Akhirnya Hikari lulus level ini dengan baik di antara drama-drama lesnya. Dia kemudian bicara ke saya. Hikari mau berhenti les musik.
Saya tanyakan ke dia apakah dia tidak mau main musik karena dia tidak suka musik atau karena hal lain? Jawabannya karena dia “bosan main piano klasik sama Kakak itu”. Saya berikan dia pilihan karena saya tidak rela dia berhenti belajar musik begitu saja: ganti alat musik atau tetap di piano tapi ganti guru?
Hikari pilih ganti alat musik sekalian. Dia pilih belajar gitar, instrumen yang beberapa bulan sebelumnya dia sebut “bikin sakit jariku”.
Saya berkompromi. Saya pindahkan dia ke gitar.
Walau terlihat nervous di awal, Hikari konsekuen masuk ke kelas itu. And he loves it.
Hikari dan gurunya punya bond yang bagus walau akhirnya lebih sering main Maroon 5 daripada gitar klasik.
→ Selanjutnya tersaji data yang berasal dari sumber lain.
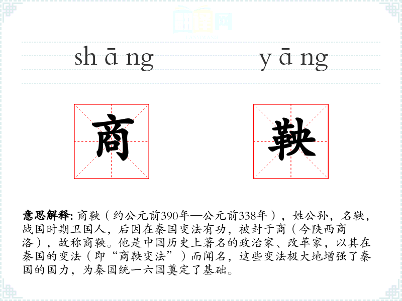- 口语:在日常对话中,商鞅的名字常被用来比喻那些推行严厉政策或改革的人。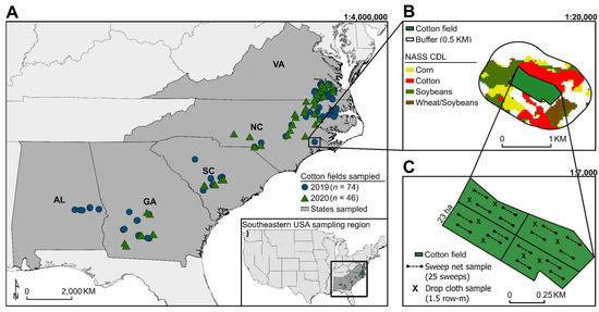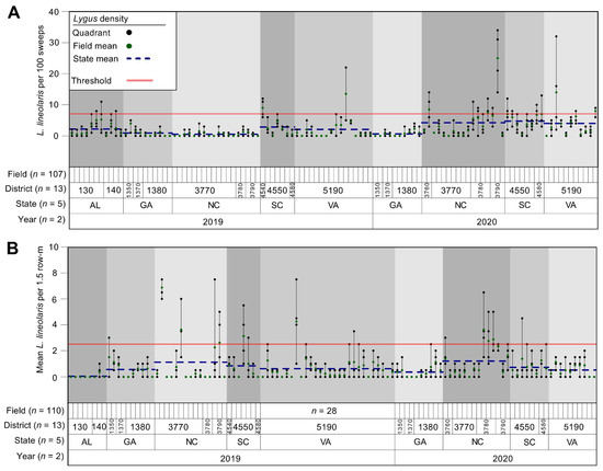 Dorman SJ, Taylor SV, Malone S, Roberts PM, Greene JK, Reisig DD, Smith RH, Jacobson AL, Reay-Jones FPF, Paula-Moraes S, et al. Sampling Optimization and Crop Interface Effects on Lygus lineolaris Populations in Southeastern USA Cotton. Insects. 2022; 13(1):88. https://doi.org/10.3390/insects13010088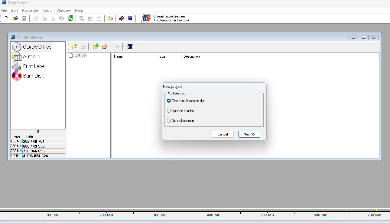 2、以创建cd为例,点击next,点击第一个新建项目多会话-创建多会话磁盘。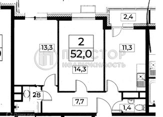 Общая площадь: 52.4 м2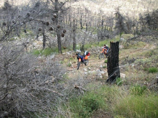 Καλή ανάγνωση .... Αφιερωμένο στα 5 παιδιά που κάηκαν άδικα. Μίστρος- Χιλιαδού Μίστρος- Χιλιαδού 04.07.2010 Ξεκινήσαμε λοιπόν να πάμε για εντουράδα προς Χιλιαδού μεριά …Ένα 2 ημεράκι, ήταν ότι έπρεπε για να ξεφύγουμε ο καθένας από τις δικές του σκοτούρες! Το πρώτο κομμάτι από Αθήνα ήταν άσφαλτος μέχρι την Χαλκίδα. Εκεί βάλαμε βενζίνη και μπήκαμε χώμα με προορισμό τα Πέι, περνάμε απέναντι το ποταμό Λίλαντο, Λεχριές, Ζωοδόχο Πηγή, Ταμάρι, Προφήτη Ηλία, κάνουμε έναν κύκλο στον Όλυμπο, κ πέφτουμε στον Μίστρο από την Τούρλα. Μπρος μας λοιπόν ένα πεσμένο δέντρο, ήταν σαν να σου έλεγε ‘’ψιτ κάντε πίσω, από εδώ δεν είστε καλοδεχούμενοι’’, αλλά βρήκε τα άτομα .. ![]() Περάσαμε το πεσμένο δέντρο, με την σκέψη πως στο Μίστρο θα φτάσουμε σε 10 χλμ, να φανταστείτε πως ούτε σταγόνα νερό δεν είχαμε μαζί. Παρά είχαμε αισιοδοξία μου φαίνετε. ![]() ![]() Βλέπουμε πως ο χωματόδρομος έχει φύγει τελείως και την θέση του έχουν πάρει πέτρες, δέντρα και χαλάσματα. ![]() ![]() ![]() Λόγο της φωτιάς και αμέσως μετά της ασταμάτητης βροχής τα διέλυσε όλα, όταν λέμε όλα, ‘’ΟΛΑ’’. Θα κάνω μια μεγάλη παρένθεση για όσους δεν γνωρίζουν το συμβάν του 2007, που πήρε φωτιά και θα ήθελα να το διαβάσετε ‘’όλοι’’.!!! Διαβάστε τις τελευταίες στιγμές των παλικαριών. Διαβάστε για τη Ζωή τους. Δείτε ποιοί ήταν και θα καταλάβετε πολλά. Νιώστε αυτές τις γραμμές και ποτέ πια δεν θα σας μολύνουν το μυαλό οι διάφοροι εξουσιαστές – σαλτιμπάγκοι. Και συ ρε Γελοίο κράτος κάνε κάτι για το Βασίλη! Δεν θέλει ανδριάντες σαν τον Κεμάλ, όπως και οι υπόλοιποι. Δεν είστε άξιοι να αποδώσετε τιμές σ’ αυτούς τους ανθρώπους. Αυτοί κάηκαν μια φορά και έμειναν Αθάνατοι. Εσείς θα είστε τα αιώνια “καμένα χαρτιά”. Απλά ανοίξτε τα κιτάπια σας που χρηματοδοτούν τις ΜΚΟ και κάντε κάτι για το κάρμα σας. Ήταν μια φορά κι έναν καιρό ένα όμορφο χωριό… Κυριακή 26 Αυγούστου 2007. Μίστρος Ευβοίας. Οι πυρκαγιές έχουν κυκλώσει το νησί, έχουν κυκλώσει την Ελλάδα. Πυροσβέστες κι εθελοντές δίνουν άνιση μάχη. Ανάμεσά τους και πέντε παλικάρια, εθελοντές από το Μίστρο και το Θεολόγο. Πέντε παλικάρια σκοτώθηκαν. Εκείνες τις μέρες, στην Εύβοια, πάνω από 70.000 στρέμματα δάσους και δασικών εκτάσεων έγιναν στάχτη. Περισσότερα από 30 σπίτια κάηκαν ολοσχερώς και 20 υπέστησαν ζημιές. Η παραγωγική δραστηριότητα του νομού υπέστη ένα τεράστιο πλήγμα: 250.000 ελαιόδεντρα, 10.000 άλλα οπωροφόρα, 50 στρέμματα κρασάμπελα, 2.000 γιδοπρόβατα, 1.500 κυψέλες μελισσών, δεκάδες βοοειδή, χοίροι και ζώα εργασίας, 100 σταβλαποθήκες συνολικού εμβαδού 5.000 τετραγωνικών μέτρων. Κάηκαν 150.000 στρέμματα στα οποία βοσκούσαν 40.000 γιδοπρόβατα και βοοειδή. Όλα έγιναν στάχτη… Τις μνήμες εκείνων των ημερών φέρνει σήμερα ένα κείμενο που δημοσιεύει ο «Ρ» από κάποιον που έζησε από κοντά τον εφιάλτη. * * * Ήταν μια φορά κι έναν καιρό ένα όμορφο χωριό στην Εύβοια, στην κεντρική Εύβοια, περιτριγυρισμένο από βουνά. Βουνά που εμπόδιζαν τον «πολιτισμό» να εισβάλει στο χωριό. Τα βουνά εμποδίζουν τους εισβολείς, γίνονται και φυσικά φρούρια, φυσικά σύνορα και απομονώνουν περιοχές. Αυτό το χωριό, απομονωμένο στην ομορφιά του και στον κόσμο του, είχε μόνιμους κατοίκους …παιδιά που σπίτι τους θεωρούσαν τα βουνά που τους περιτριγύριζαν. Παιδιά που θεωρούσαν υποχρέωση να διατηρήσουν τα δάση. Βέβαια, από αυτά ζούσαν, ούτε κουβέντα. Γιατί: Είτε ήταν κτηνοτρόφοι, είτε ήταν βοσκοί ή και τα δυο μαζί. Αύγουστος του 2007. Μίστρος Εύβο

Tidak lama setelah Hikari main gitar, ada yang berubah. Setiap malam, kami mendengar dia memainkan keyboardnya lagi. Sendiri. Tanpa disuruh.
Hikari mulai main lagu pop, mulai cari notnya di internet, mulai menggubah lagu sendiri. Kemudian, saya mendapat laporan dari sekolah kalau Hikari mau disuruh memainkan piano di acara-acara sekolah. Sampai pada suatu hari dia datang ke saya dan Papap untuk minta ganti piano yang serius, bukan hanya keyboard.
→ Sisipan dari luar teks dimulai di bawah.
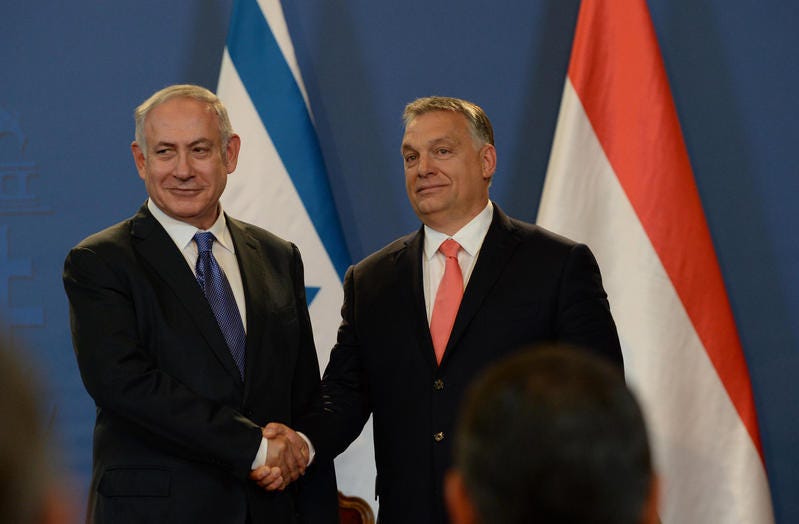 Benjamin Netanyahu and Viktor Orban hold a joint press conference at the Parliament building in Budapest in 2017. (Haim Zach/GPO)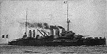 Danton was laid down at the Arsenal de Brest in February 1906.[1] Her launching was scheduled for May 1909, but socialist activists prevented the ship from leaving the stocks,[3] and so the launching was delayed until on 4 July 1909. After completing fitting-out work, she was commissioned into the French Navy on 1 June 1911.[1] A week after she was completed, she was sent to the United Kingdom in honour of the Coronation of George V in 1911.[4] Upon her return to France, Danton was to the 1st Battleship Squadron in April 1912, along with her five sister ships.[5] Later that year, while off Hyères in the Mediterranean, Danton suffered an explosion in one of her gun turrets, which killed three men and injured several others.[6] In 1913, the squadron was joined by the two powerful dreadnoughts Courbet and Jean Bart.[4]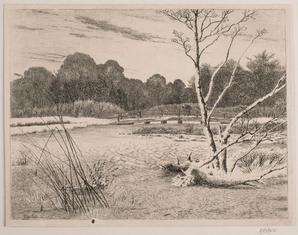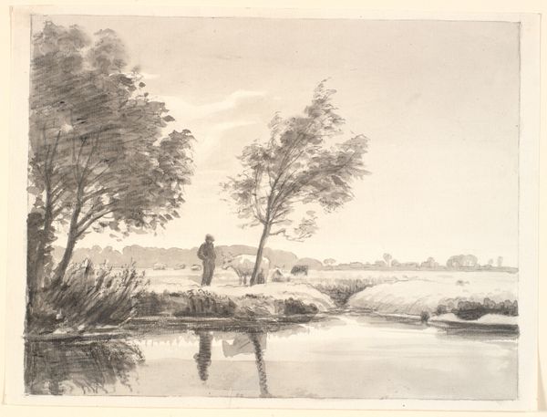 Anton Melbye made this landscape drawing with graphite on paper in 1856. Graphite, in its raw form, is a mineral, but for drawing it's usually mixed with clay and formed into a pencil. The amount of clay determines the hardness and darkness of the pencil. Looking closely, you can see the variety of marks Melbye achieved, from the soft, smudged sky to the sharp, detailed reflections in the water. The grainy texture of the paper also plays a role, catching the graphite and adding depth to the image. The choice of graphite is significant. It's a readily available, relatively inexpensive material. Unlike painting, drawing lends itself to quick studies and preliminary sketches. Melbye may have used this drawing to capture a fleeting moment of light and atmosphere. Considering the social context, graphite became more widely available in the 19th century due to industrial production. This made drawing accessible to a broader range of artists. So, while the subject of the artwork is nature, the means of creating it is tied to wider social issues of labor and consumption. Appreciating the material and process helps us understand the artwork's full meaning, moving beyond traditional distinctions between fine art and craft.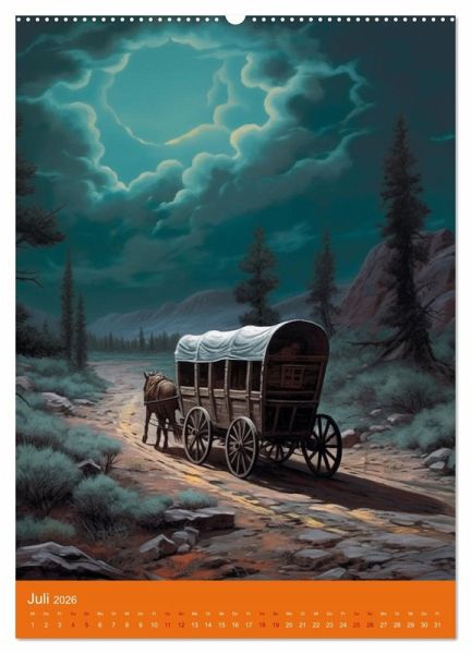 Erleben Sie die raue Schönheit der Prärie, wenn ein einsamer Cowboy dem Sonnenuntergang entgegen reitet, oder spüren Sie die Aufregung eines Überfalls auf einen dampfenden Zug durch Gesetzlose des Wilden Westens. Von Cowboys am Rodeo bis zu romantischen Szenen am Lagerfeuer unter dem Mondlicht - jeder Monat fängt die Essenz dieser Ära ein.

“Kamu sekarang lesnya gitar, tapi malah minta piano?”
“Karena aku suka cari lagu di internet buat main di piano.”
“Mau balik lagi les piano?”
“Enggak. Aku mau main piano sendiri aja sambil belajar gitar.”
“Kenapa harus ganti piano?”
“Aku mau main serius. Kalau keyboard beda bunyinya. Beda feel-nya. Aku suka musik dan mau coba bikin lagu.”
Usaha yang kami tanam, baru terlihat 9 tahun kemudian.
Minggu lalu, saya mendaftarkan Aiko ke les musik.
Masih mahal. Mahal banget.
Aiko lebih ekspresif dalam mempertontonkan keberatannya disuruh les musik. Matanya diperas-peras biar air matanya keluar. Hikari kemudian mendekati adeknya.
“Dek, les musik ya. Biar pintar kayak Kakak. Nanti bisa main lagu-lagu yang Aiko suka. Nanti bisa main piano bareng sama Kakak.”
Saya terharu.
Aiko akhirnya mau saya geret ke kelasnya. Seperti dulu Hikari, saya juga harus duduk di sebelah Aiko setiap les. Setelah manyun dan gengsi selama 10 menit pertama, Aiko mulai senyum-senyum di 20 menit berikutnya. Pulang dari les, Aiko membisiki saya.
“Mam, les Aiko kapan lagi? Besok ya?”
Pulang les itu si Papap mencegat saya.
“Gimana Aiko? Masih nangis di kelas?”
“Enggak.”
“Senang dia?”
“Senang.”
“Terus?”
“Terus, sekarang, kamu pikirkan cara supaya piano itu bisa kita beli.”